With Bethia, a narrator compelled to set down her “spiritual diary,” Ms. Brooks has created a rich character — thoughtful, witty and convincingly wise beyond her years. Bethia yearns for a proper education, a bigger world upon which to chew. She is scarred by loss, bound from the larger world by water, and deeply stifled by the strict conformity of her religious upbringing. And as devoted as she is to her true friend Caleb, she is often unable to shake her deepest spiritual fears.

While he studies in Cambridge she finds herself wondering if he is “a vessel through which darkness yet trickled, a conduit that might carry the taint of evil into God’s own churches . . . ? Of course it was not so. These morbid imaginings sprang from exhaustion, merely. Yet tears filled my eyes . . . ”
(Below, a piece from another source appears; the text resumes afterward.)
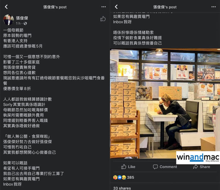 張俊傑抱怨指自己雖然是精算師,但突然被加價的海鮮,以及出事的額外價錢,再加上遲到的賠償,覺得唔做好過做。他續指,希望開開心心做番自己。他更稱「如果可以嘅話,希望有人可接手瓏門」,自己希望出去打份工就算,並著有興趣買瓏門人士,可以inbox給他去。他強調,並非扮慘和情緒勒索,只係「疫情下做飲食業真係好難捱」。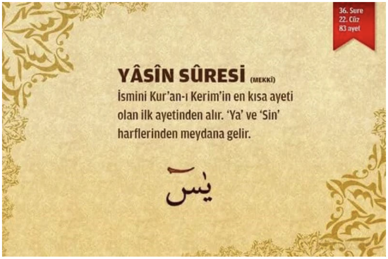 YASİN SURESİ OKUNUŞU, Yasin Suresi (Yasin-i Şerif) Duası Arapça Oku, Türkçe Anlamı ve Kuran Meali Yasin Suresi, Kur'an-ı Kerim'in kalbi olarak nitelendirilir. 83 ayetten oluşmuş ve adını ilk ayetinden almıştır.

This is a thoroughly Vineyard book. The author, Ms. Brooks, lives in West Tisbury. The cover art for the book is a photograph by William Waterway of Edgartown.

The clash of cultures that drives the story is all too familiar today, 350-odd years later. Native Americans are still subjected to racism, women to sexism. Religious intolerance remains rampant. Piety and self-righteousness rule the airwaves. When we fail to heed it, history tends to trail us.

Yet the overriding themes that run through Caleb’s Crossing are those of love, courage and fortitude. The writing is exquisite and the Island plays a leading role. Here Bethia describes the world outside her door after a wild storm:

“The sea was pewter, and the wrack line stood high upon the strand, even to where the first low scrub oaks struggled for their spindly lives like aged and bent-back crones.”

And after a long winter: “The Lord’s Day when Caleb finally came to us was bright and glistening. It was one of those days in early March that tease the senses, promising Spring when in fact much bone cracking weather must yet be endured.”

Early on in her narration Bethia sets the stage for that most important of questions — the one based on the book’s title. Put simply, too simply, did Caleb “cross”?

“Caleb’s soul is stretched like the rope in a tug o’ war, between my father and his own uncle, the pawaaw. Just as my father has his hopes, so too does that sorcerer. Caleb will lead his people, I am sure of it. But in which direction? Of that, I am not in the least bit certain.”